Exercise details
Within the material below, locate the line with "2016年度全市轉(zhuǎn)型升級示范企業(yè)" and the line with "Để nối không", then return those two lines and all lines between them, exactly as written.

Supplied material
------------------------------------------------------------------------

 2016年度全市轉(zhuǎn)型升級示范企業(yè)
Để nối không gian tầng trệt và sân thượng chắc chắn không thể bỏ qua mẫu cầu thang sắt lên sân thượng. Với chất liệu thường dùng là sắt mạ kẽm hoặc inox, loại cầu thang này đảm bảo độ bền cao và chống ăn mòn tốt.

------------------------------------------------------------------------

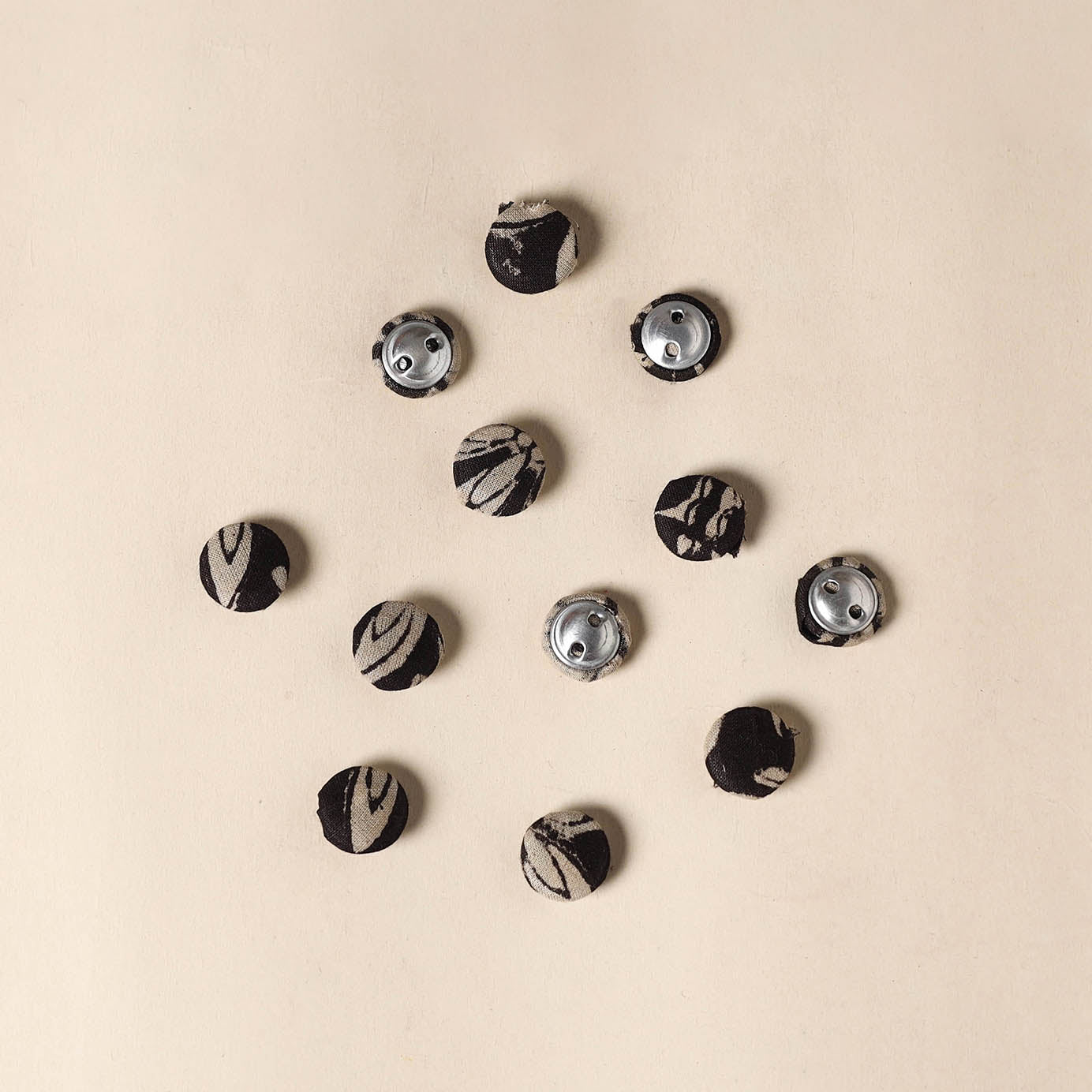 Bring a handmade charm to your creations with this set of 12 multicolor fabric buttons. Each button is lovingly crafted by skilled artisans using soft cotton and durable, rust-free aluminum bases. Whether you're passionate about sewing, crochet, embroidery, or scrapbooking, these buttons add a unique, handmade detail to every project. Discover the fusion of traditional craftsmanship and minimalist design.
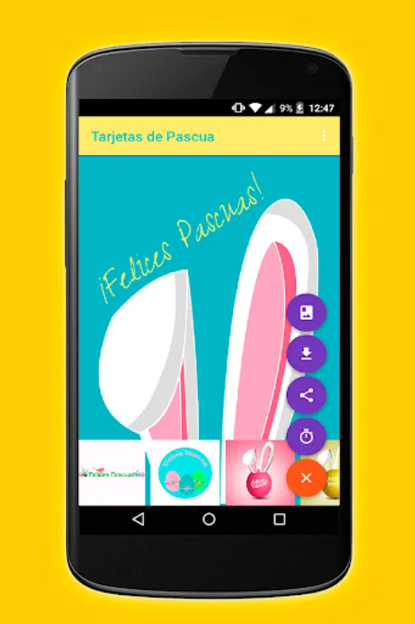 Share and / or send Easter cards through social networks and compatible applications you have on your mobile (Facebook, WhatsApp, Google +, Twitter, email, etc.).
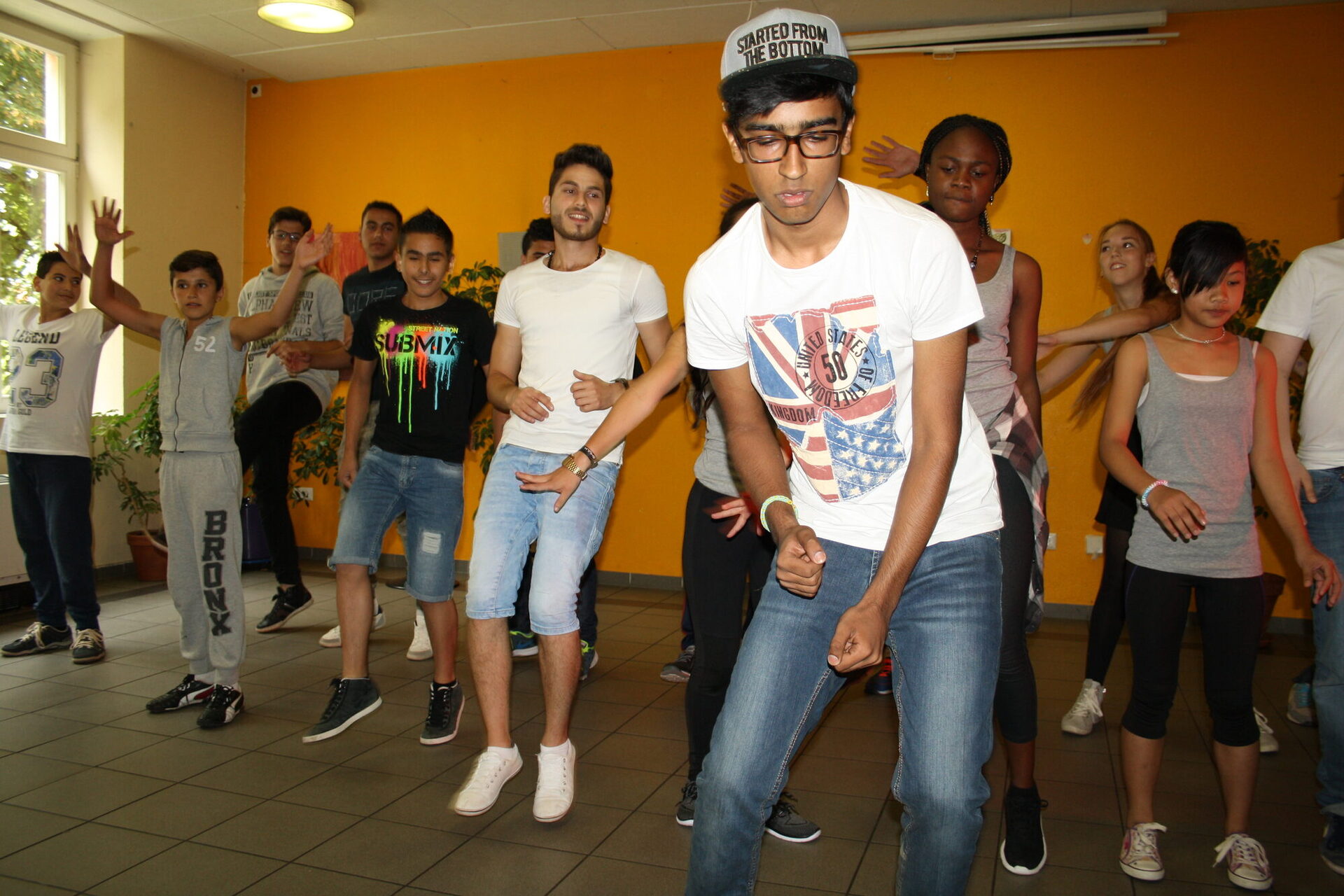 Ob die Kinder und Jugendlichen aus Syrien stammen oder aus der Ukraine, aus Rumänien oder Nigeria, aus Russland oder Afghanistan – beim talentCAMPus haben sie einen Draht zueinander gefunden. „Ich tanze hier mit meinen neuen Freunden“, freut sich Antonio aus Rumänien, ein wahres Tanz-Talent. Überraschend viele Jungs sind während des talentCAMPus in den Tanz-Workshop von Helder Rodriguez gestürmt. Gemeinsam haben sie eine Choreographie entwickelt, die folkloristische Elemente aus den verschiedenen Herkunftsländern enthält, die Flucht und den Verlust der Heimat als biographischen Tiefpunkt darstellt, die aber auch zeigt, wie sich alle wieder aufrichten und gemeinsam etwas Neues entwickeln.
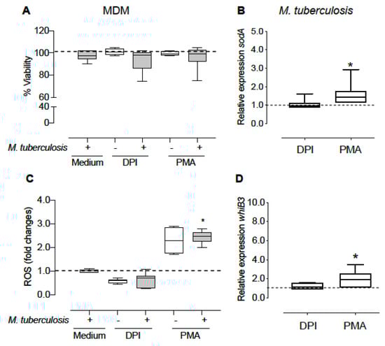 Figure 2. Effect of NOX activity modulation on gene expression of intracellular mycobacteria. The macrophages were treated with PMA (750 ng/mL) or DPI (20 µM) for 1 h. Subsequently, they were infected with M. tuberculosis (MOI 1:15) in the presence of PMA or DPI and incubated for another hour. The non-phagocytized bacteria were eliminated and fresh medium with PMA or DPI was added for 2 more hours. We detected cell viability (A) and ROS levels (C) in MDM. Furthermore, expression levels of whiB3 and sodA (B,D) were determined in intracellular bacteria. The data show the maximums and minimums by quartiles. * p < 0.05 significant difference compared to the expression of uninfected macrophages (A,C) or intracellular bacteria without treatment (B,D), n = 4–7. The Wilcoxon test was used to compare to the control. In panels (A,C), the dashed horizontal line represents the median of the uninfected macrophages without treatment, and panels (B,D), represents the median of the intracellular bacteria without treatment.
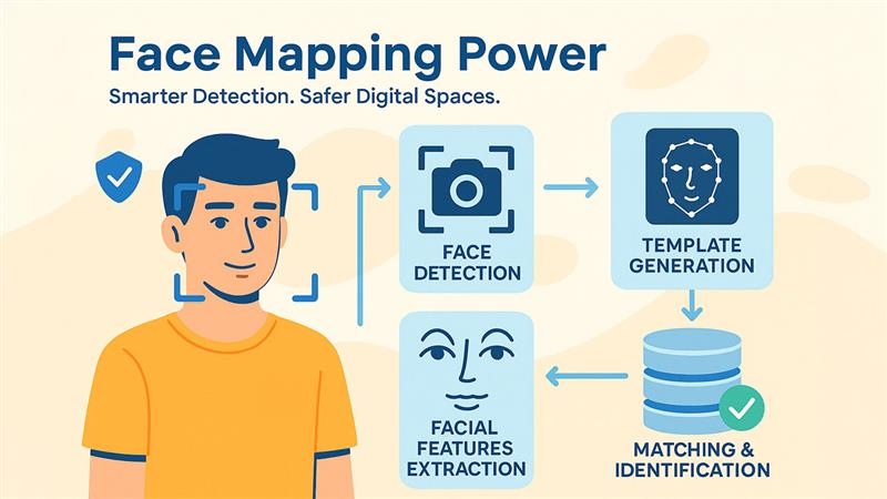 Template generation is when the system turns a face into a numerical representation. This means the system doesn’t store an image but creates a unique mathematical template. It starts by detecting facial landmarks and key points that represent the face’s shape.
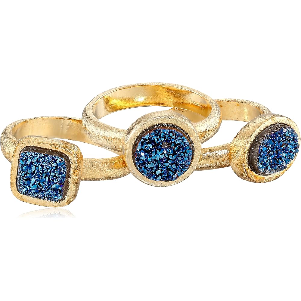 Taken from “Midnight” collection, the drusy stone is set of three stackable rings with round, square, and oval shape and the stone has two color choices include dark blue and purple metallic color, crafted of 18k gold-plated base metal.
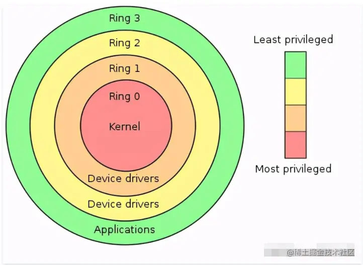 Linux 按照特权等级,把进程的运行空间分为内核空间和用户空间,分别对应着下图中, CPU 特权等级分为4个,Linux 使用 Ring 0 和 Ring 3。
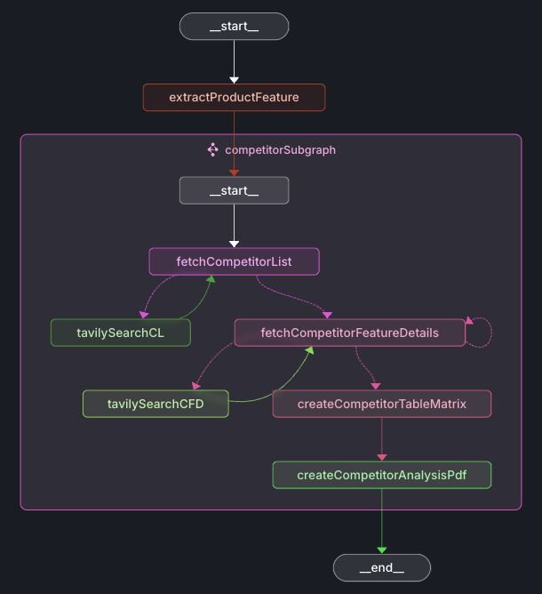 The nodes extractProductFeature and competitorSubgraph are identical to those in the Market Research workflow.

------------------------------------------------------------------------

Written answer
 2016年度全市轉(zhuǎn)型升級示范企業(yè)
Để nối không gian tầng trệt và sân thượng chắc chắn không thể bỏ qua mẫu cầu thang sắt lên sân thượng. Với chất liệu thường dùng là sắt mạ kẽm hoặc inox, loại cầu thang này đảm bảo độ bền cao và chống ăn mòn tốt.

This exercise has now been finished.